Sorry I confused this issue with a different one. I think econml implements this correctly for binary outcomes (there are no changes required), and I was interpreting the results incorrectly.

The DMLCateEstimator will estimate average marginal effects. I compared these with the logit coefficients, which are the log odds ratios and not the marginal effects.

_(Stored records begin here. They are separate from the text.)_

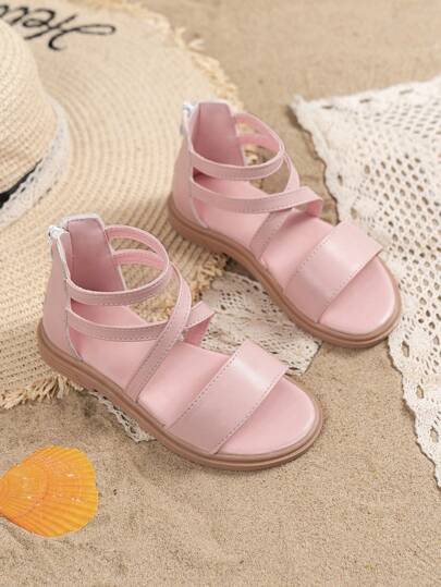 Girls' Roman Sandals Flat Cross Straps Fashionable And Versatile Princess Style Gladiator Sandals For Summer - Pink - View 1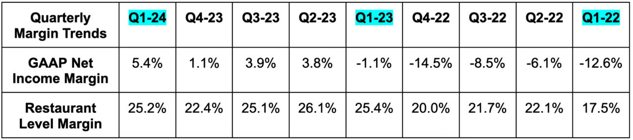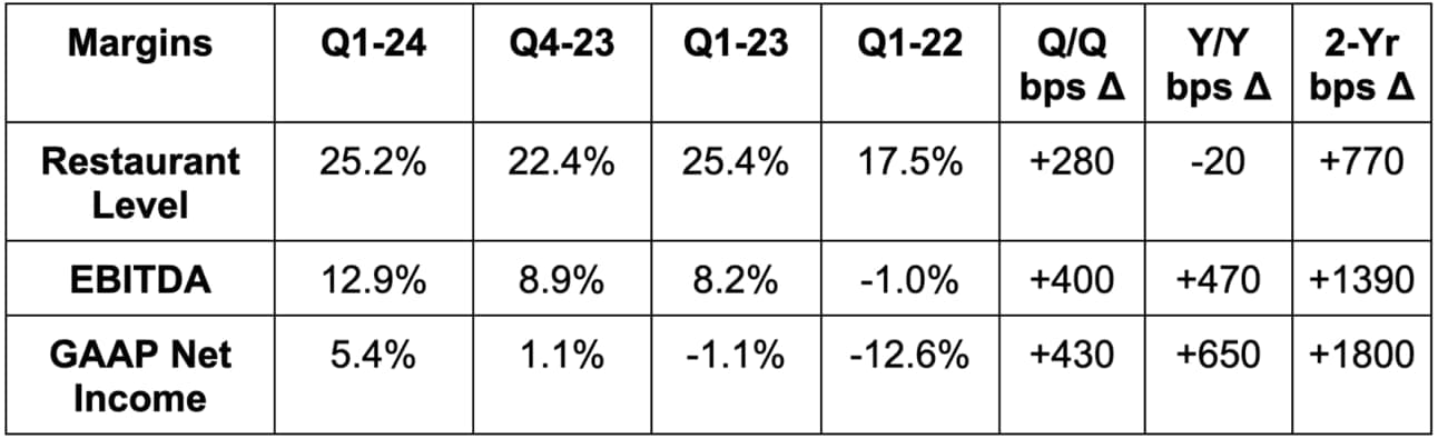 The restaurant-level margin decline was actually better than expected. The company has been telegraphing heavier labor investments (8% Y/Y wage growth) and store expansion investments as weighing on this margin line throughout 2024. It did get some help from food input costs this quarter, but sees that help vanishing for the rest of the year – largely due to its debuting of a steak dish. G&A as a percent of revenue was 13.1% of sales vs. 14.3% Y/Y. Less performance based stock compensation helped leverage here while more investments in growth offset the leverage a bit.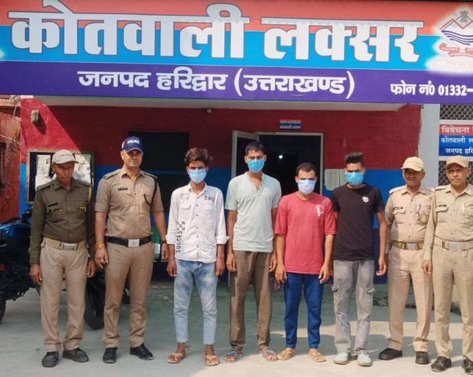 हरिद्वार, 22 अक्तूबर। लकसर कोतवाली पुलिस ने चार संदिग्धों को गिरफ्तार किया है। त्यौहारों के सीजन में आपराधिक गतिविधियों में अंकुश लगाए जाने के लिए चलाए जा रहे अभियान के तहत चेकिंग के दौरान अलग-अलग स्थान से गिरफ्तार किए गए आरोपियों कुमरुल पुत्र बाबू साहिल पुत्र सफीक समीर पुत्र मोहब्बत अली निवासी मौहम्मदपुर कुन्हारी व साहिल पुत्र राशिद अली निवासी कुन्हारी लक्सर के कब्जे से चाकू बरामद हुए हैं। चारों आरोपियों के खिलाफ आर्म्स एक्ट के तहत मुकद्मा दर्ज किया गया है।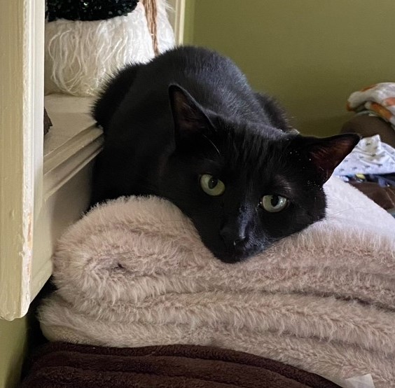 Tuesday, September 09, 2025Gem is a beautiful 1-year-old spayed short-haired female, solid black. She's had all her vaccines, including rabies, tested negative for FELV/FIV, and is litter box trained and microchipped.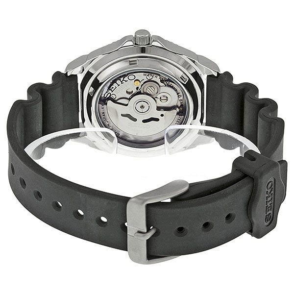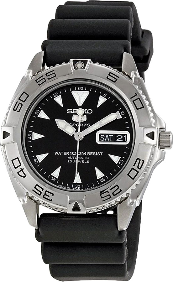 Мужские механические наручные часы с автоподзаводом. Коллекция Seiko 5 Sports. Калибр механизма 7S36 (23 камня в механизме, 21 600 полуколебаний в час). Запас хода около 40-ка часов. Центральные часовая, минутная и секундная стрелки. Чёрный циферблат с часовыми метками в виде штрихов. Стрелки и часовые метки с люминесцентным напылением LumiBright, которое светится в темноте после непродолжительного воздействия света. Индикация даты и дня недели в позиции 3 часов Стекло Хардлекс (Hardlex) - закаленное минеральное стекло, разработанное компанией Seiko Watch Corporation, обладающее высокой устойчивостью к мелким механическим повреждениям и царапинам. Круглый корпус из нержавеющей стали. Диаметр корпуса 41 мм, толщина 12 мм. Однонаправленный поворотный безель с минутной шкалой. Переводная головка в позиции 3 часов. Чёрный пластиковый ремешок с классической застежкой buckle. Прозрачная завинчивающаяся задняя крышка. Водонепроницаемость WR100 (часы подходят для плавания с маской, трубкой и обычного плавания). Японская сборка (Made In Japan).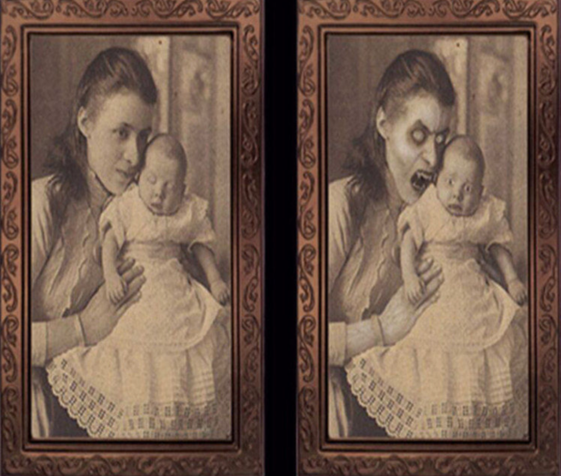 图8:“密室逃脱”中的3D变脸道具画,玩家在不同角度会看到不同画面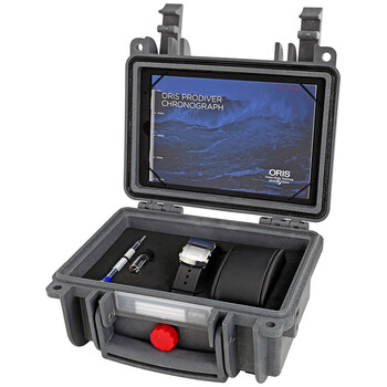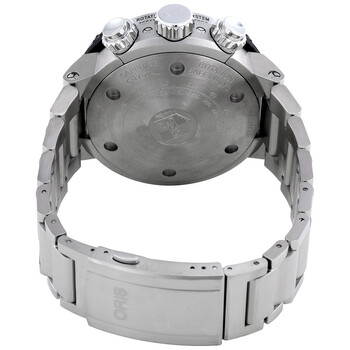 Silver-tone titanium case with a silver-tone titanium bracelet. Black dial with silver-tone hands and index hour markers. Minute markers around the outer rim. Dial Type: Analog. Date display at the 6 o'clock position. Chronograph - three sub-dials displaying: 60 second, 30 minute and 12 hour. 774, base SW 500 automatic movement with a 48-hour power reserve. Scratch resistant sapphire crystal. Screw down crown. Case size: 51 mm. Round case shape. Band width: 26 mm. Deployment clasp. Water resistant at 100 meters / 330 feet. Functions: chronograph, date, hour, minute, second. Luxury watch style. Watch label: Swiss Made. Oris ProDiver Chronograph Black Dial Automatic Men's Watch 774-7727-7154MB.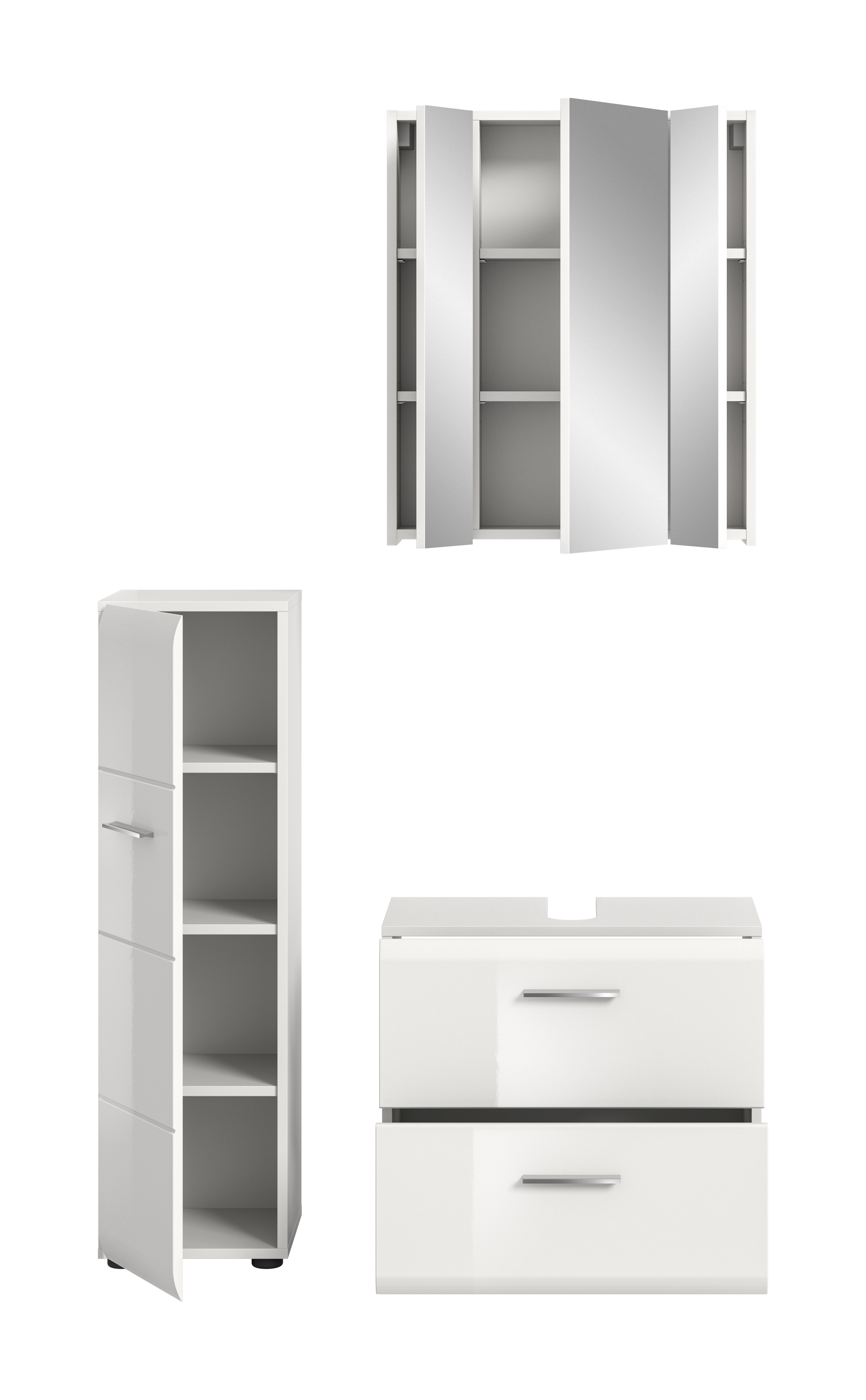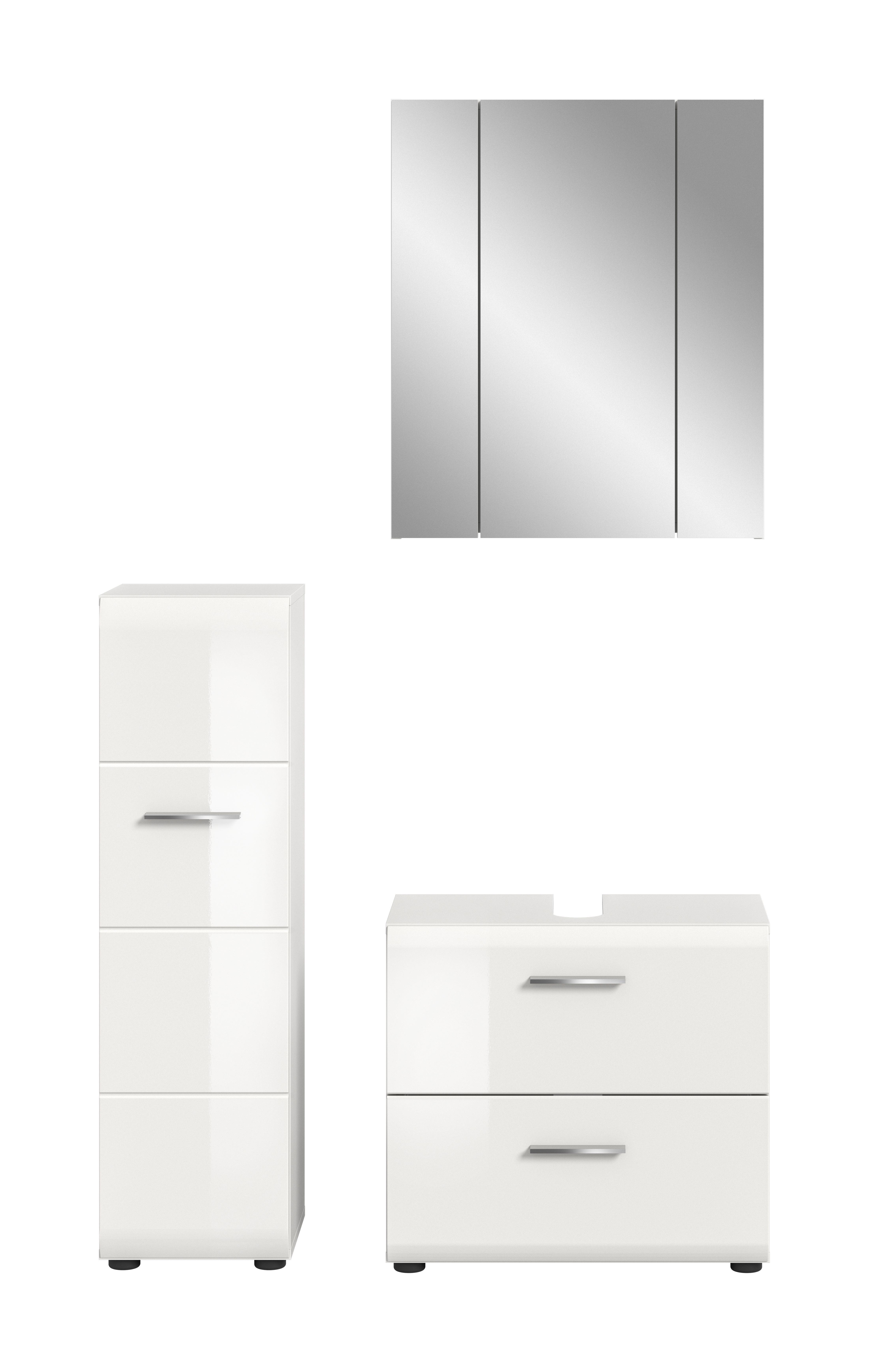 Entdecken Sie unsere elegante Badezimmer Badkombination in strahlendem Weiß, vereint mit hochglänzenden tiefgezogenen Elementen für zeitlose Eleganz. Diese durchdachte Kombination aus verschiedenen Badmöbeln in Weiß-Nachbildung bietet nicht nur Stauraum für Ihre Badutensilien, sondern verleiht Ihrem Badezimmer auch einen modernen und aufgeräumten Look.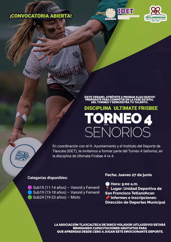 El próximo jueves 27 de junio, el municipio de San Francisco Tetlanohcan será sede del Torneo 4 Señoríos, en la disciplina Ultimate Frisbee 4 vs 4, una actividad impulsada en coordinación con el Instituto del Deporte de Tlaxcala (IDET) y el Gobierno Municipal que encabeza la presidenta Kritsbey Pérez Flores.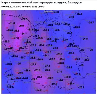 Теперь и официально: -30 есть. Белгидромет показал ночные минимумы. Рекорд на юге страны, и он составил -31,1°. В соседней Литве зафиксировали -34°. Инфографика Белгидромета В среду, как прогнозируют синоптики, теплый циклон…

The following simulation confirms that DMLCateEstimator works as expected:

import matplotlib.pyplot as plt
import numpy as np
import pandas as pd
import statsmodels.api as sm
import statsmodels.formula.api as smf

from econml.dml import DMLCateEstimator
from sklearn.linear_model import LinearRegression, LogisticRegression

def sigmoid(x):
    return 1.0/(1.0 + np.exp(-x))

logit_margeff_x1 = []
logit_margeff_x2 = []
logit_coef_x1 = []
logit_coef_x2 = []
dml_x1 = []
dml_x2 = []

for sim in tqdm(range(1000)):
    data = []
    for row in range(1000):
        x1 = np.random.normal(5.0, 1.0)
        x2 = np.random.normal(2.0, 1.0)

        Y_prob = sigmoid(-4.0 + 0.5 * x1 + 0.25 * x2)
        Y = np.random.choice([0, 1], p=[1-Y_prob, Y_prob])

        data.append([Y, x1, x2])

    data = pd.DataFrame(data, columns=["Y", "x1", "x2"])

    # logit average marginal effects
    logit_model = smf.logit("Y ~ x1 + x2", data=data)
    logit_results = logit_model.fit(disp=0)
    x1_coef, x2_coef= logit_results.params.x1, logit_results.params.x2
    x1_margeff, x2_margeff = logit_results.get_margeff().margeff

    logit_margeff_x1.append(x1_margeff)
    logit_margeff_x2.append(x2_margeff)
    logit_coef_x1.append(x1_coef)
    logit_coef_x2.append(x2_coef)

    # dml estimates
    est = DMLCateEstimator(model_y=LogisticRegression(penalty="none", solver="lbfgs"),
                           model_t=LinearRegression(),
                           linear_first_stages=False,
                           model_final=LinearRegression(fit_intercept=False),
                           fit_cate_intercept=True,
                           n_splits=4)
    est.fit(Y=data["Y"].values, T=data[["x1", "x2"]].values, W=None, inference=None)
    te_pred = est.const_marginal_effect()[0]
    dml_x1.append(te_pred[0])
    dml_x2.append(te_pred[1])

plt.hist(logit_coef_x1, bins=25)
plt.grid()
plt.title("logit coef x1")
plt.show()

plt.hist(logit_coef_x2, bins=25)
plt.grid()
plt.title("logit coef x2")
plt.show()

plt.hist(logit_margeff_x1, bins=25)
plt.grid()
plt.title("logit margeff x1")
plt.show()

plt.hist(logit_margeff_x2, bins=25)
plt.grid()
plt.title("logit margeff x2")
plt.show()

plt.hist(dml_x1, bins=25)
plt.grid()
plt.title("dml x1")
plt.show()

plt.hist(dml_x2, bins=25)
plt.grid()
plt.title("dml x2")
plt.show()

The distributions of the logit coefficients is as expected: logit-coef-x1 logit-coef-x2

The distributions of the logit average marginal effects are what DMLCateEstimator should converge to: logit-margeff-x1 logit-margeff-x2

The DMLCateEstimator estimates do indeed converge to the logit average marginal effects: dml-x1 dml-x2

vsyrgkanis commented 4 years ago

Thanks @emaadmanzoor and @realkenlee for the discussion!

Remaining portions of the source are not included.